ECLI:NL:CRVB:2024:910
Centrale Raad van Beroep
- Hoger beroep
- Rechtspraak.nl
Beëindiging van de ZW-uitkering van appellante door het Uwv en de beoordeling van medische beperkingen
In deze zaak gaat het om de beëindiging van de Ziektewet (ZW) uitkering van appellante door het Uitvoeringsinstituut werknemersverzekeringen (Uwv) per 7 mei 2021. Appellante, die zich op 6 januari 2020 ziek meldde met psychische klachten, betwistte de beëindiging van haar uitkering. Het Uwv stelde dat appellante in staat was om meer dan 65% van haar laatst verdiende loon te verdienen, gebaseerd op een Functionele Mogelijkhedenlijst (FML) van 25 maart 2021. De rechtbank Rotterdam verklaarde het beroep van appellante tegen het besluit van het Uwv ongegrond, wat leidde tot hoger beroep bij de Centrale Raad van Beroep.

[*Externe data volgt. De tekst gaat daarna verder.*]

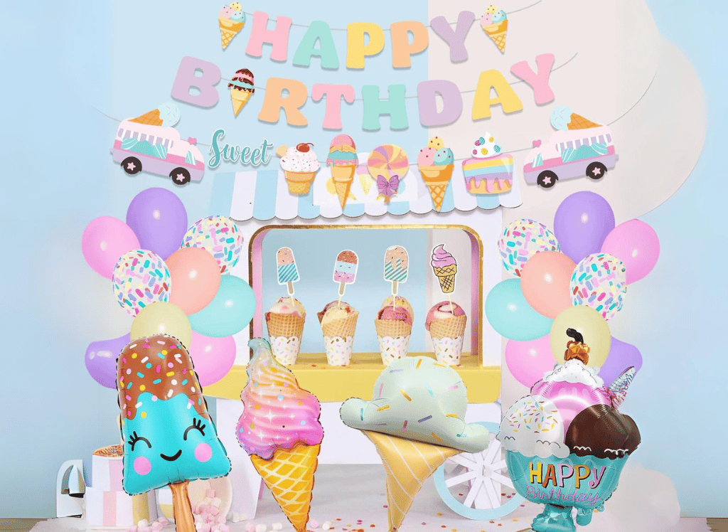 Plan ahead by securing ice cream birthday decorations like balloons, banners, and cupcake toppers. Create a setup that allows for easy access to toppings and ensure you have enough scoops and cherries for everyone.

De Centrale Raad van Beroep oordeelde dat het Uwv de uitkering terecht had beëindigd. De Raad volgde de argumentatie van het Uwv en de verzekeringsarts bezwaar en beroep, die concludeerden dat er op de datum in geding, 7 mei 2021, geen sprake was van ernstige klachten die meer beperkingen vereisten dan in de FML van 5 januari 2022 waren vastgelegd. De Raad vond geen aanleiding om te twijfelen aan de zorgvuldig onderbouwde motivering van het Uwv en oordeelde dat appellante in hoger beroep geen nieuwe medische informatie had ingebracht die de ernst van haar klachten op de datum in geding zou onderbouwen.

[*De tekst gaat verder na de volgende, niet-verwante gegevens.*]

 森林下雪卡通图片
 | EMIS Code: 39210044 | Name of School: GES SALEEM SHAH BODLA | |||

De Raad bevestigde de uitspraak van de rechtbank en oordeelde dat de beëindiging van de ZW-uitkering in stand blijft. Appellante kreeg geen vergoeding voor proceskosten en griffierecht, aangezien het hoger beroep niet slaagde. De uitspraak werd gedaan door F.M. Rijnbeek, in tegenwoordigheid van L.B. Vrugt als griffier, en werd openbaar uitgesproken op 8 mei 2024.